В моих собственных письмах я снова и снова притаюсь в том, что не сумел разглядеть природы ее чувств ко мне и глубины моих чувств к ней! Я пишу, что это «непростительно», «печально» и, вместе с тем, «странно», а когда, осознав свою ошибку, чувствую, что подступают слезы, называю это «ужасным». И я действительно так считаю. В свою очередь это приводит к тому, что я пытаюсь вселить в нас обоих надежду, сообщив ей, что нашел себе комнату (на днях я собираюсь начать поиски) при университете, а поэтому она должна писать мне туда — если вообще захочет мне еще писать, — а не по старому адресу, чтобы Бригитта… В середине этих серьезных излияний с извинениями и мольбами о прощении, я оказываюсь во власти неуправляемых и противоречивых эмоций. Я чувствую свою никчемность. Я сам себе противен. Я испытываю стыд и раскаяние. Одновременно с этим меня не покидает столь же сильное чувство, что я ни в чем не виноват; что в том, что наивная и беззащитная Элизабет оказалась на пути грузовика, столь же виноваты индийцы, варившие свой рис с карри в два часа ночи, сколько и я. А что же Бригитта, которая должна была опекать Элизабет и которая сейчас лежит спокойно на кровати у противоположной стены, учит английскую грамматику и не обращает никакого внимания — или делает вид, что не обращает, — на муки моего самобичевания? Как будто то, что из-за этого грузовика у Элизабет сломана рука, а не шея, освобождает ее от всякой вины! Как будто то, как вела себя с нами Элизабет, целиком лежит на собственной совести Элизабет…. а не на совести Бригитты… или на моей совести. Но безусловно, несомненно, Бригитта не меньше меня виновата в том, что мы злоупотребили уступчивостью Элизабет. Так ли это? Ведь именно к Бригитте, а не ко мне инстинктивно тянулась Элизабет, когда ей была нужна поддержка.
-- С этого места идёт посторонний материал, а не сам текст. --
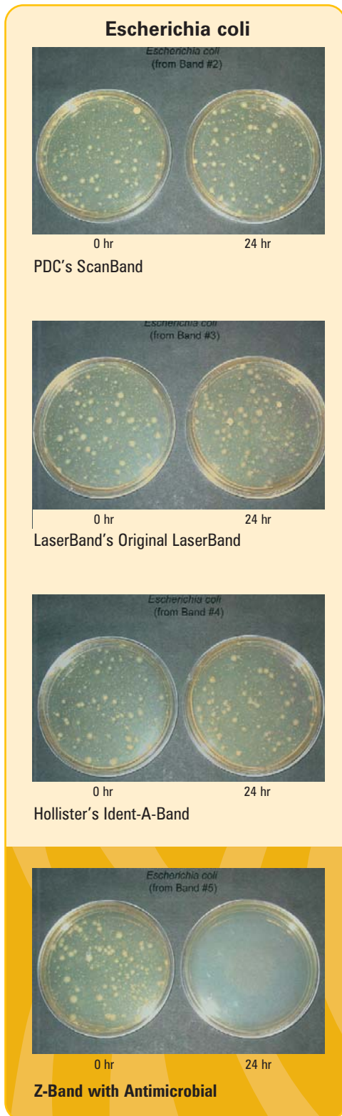
Figure 2. Escherichia coli at 0 HR and at 24 HR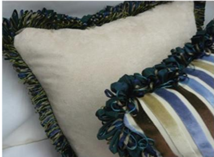
Knife edge pillows with brush fringe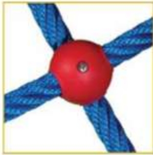
Standard Rope Connector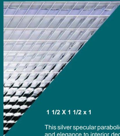
1 1/2 X 1 1/2 x 1

This silver specular parabolic louver adds atmosphere and elegance to interior decor.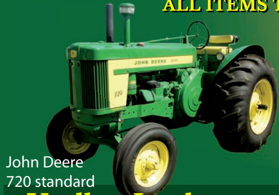
John Deere 720 standard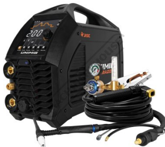
RAZOR TIG 200 ACDC WELDER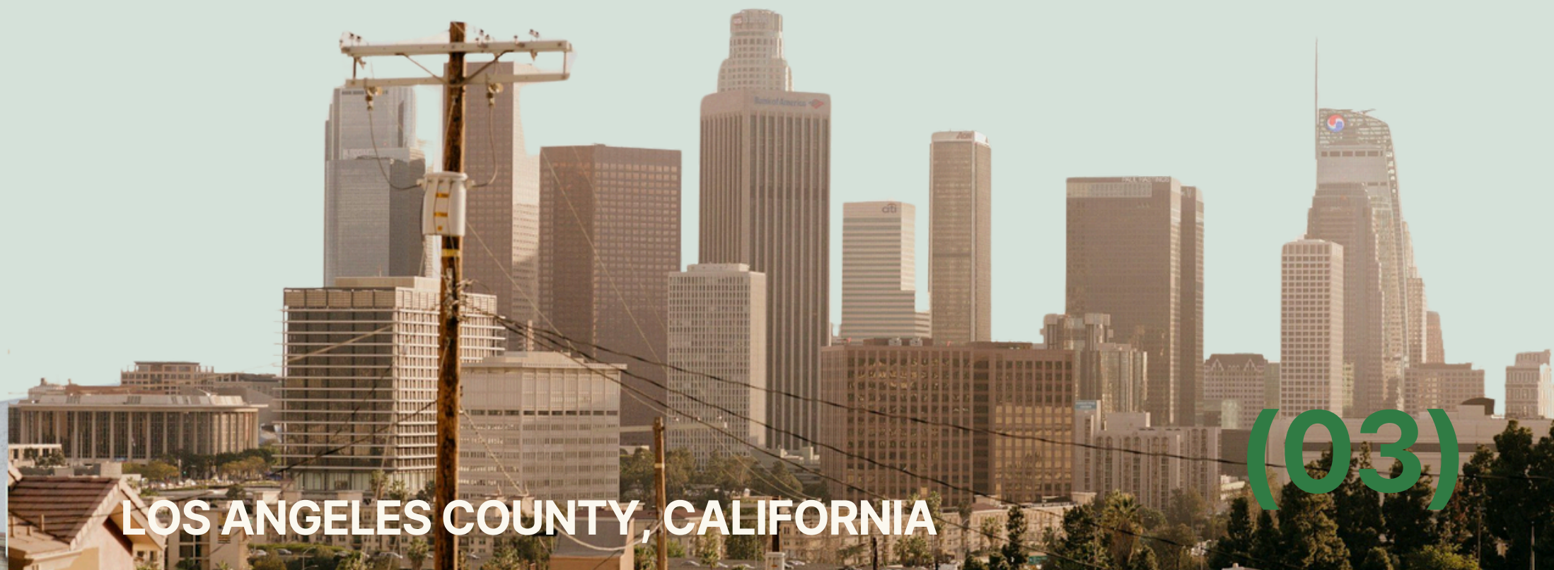
LOS ANGELES COUNTY, CALIFORNIA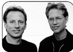
April 18 America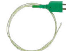
1m Air Probe*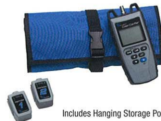
Includes Hanging Storage Pouch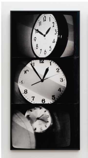
Nicole Gravier Telefilm Policiers, 1974 Gros Plans, A: N°1 - N°2 - N°3 C-print, 60 x 30 cm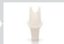
Order a 2nd final abutment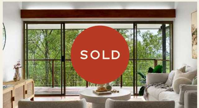
SOLD - $987,000 | 3 BED 2 BATH 91 HAMBLEDON HILL ROAD, GOWRIE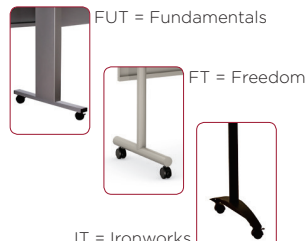
Table Leg Options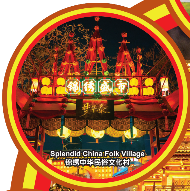
Splendid China Folk Village 锦绣中华民俗文化村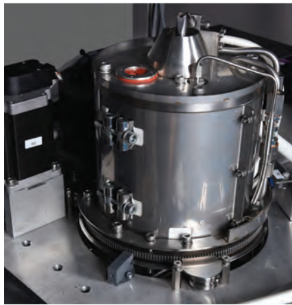
Rotatable non wettable nozzles avoiding operator interference/maintenance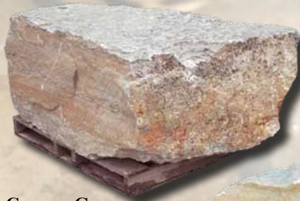
Canyon Gray 25" Chunks # 53133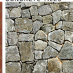
DOLORITE FIELDSTONE CLADDING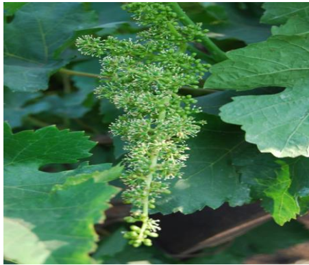
Fig. 2. Stages at 50% Flowering

The growing of the berries and their ripening are the first and second different phases of berry development. Ripening includes a number of coordinated and genetically physiological, biochemical, and developmental processes [23]. Different cultivar of grape having different period of time required for complete development of berry, however, it is possible to anticipate that it will take around 100 days from full blossoming till complete maturity [24].

Когда, обессиленные, мы лежали на потертом ковре — ибо нашим жертвенным алтарем был пол, а не кровать — распластавшись среди разбросанных предметов нижнего белья, измученные, пресыщенные и смущенные, это Бригитта неизменно брала голову Элизабет в свои руки, нежно гладила ее по лицу и шептала по-матерински ласковые успокаивающие слова. Мои руки, мои слова никому не были нужны в этот момент. Они, мои руки и слова, значили все до момента апогея. Потом девчонки свертывались вместе калачиком, как в детстве в беседке или в палатке, где иначе невозможно было поместиться…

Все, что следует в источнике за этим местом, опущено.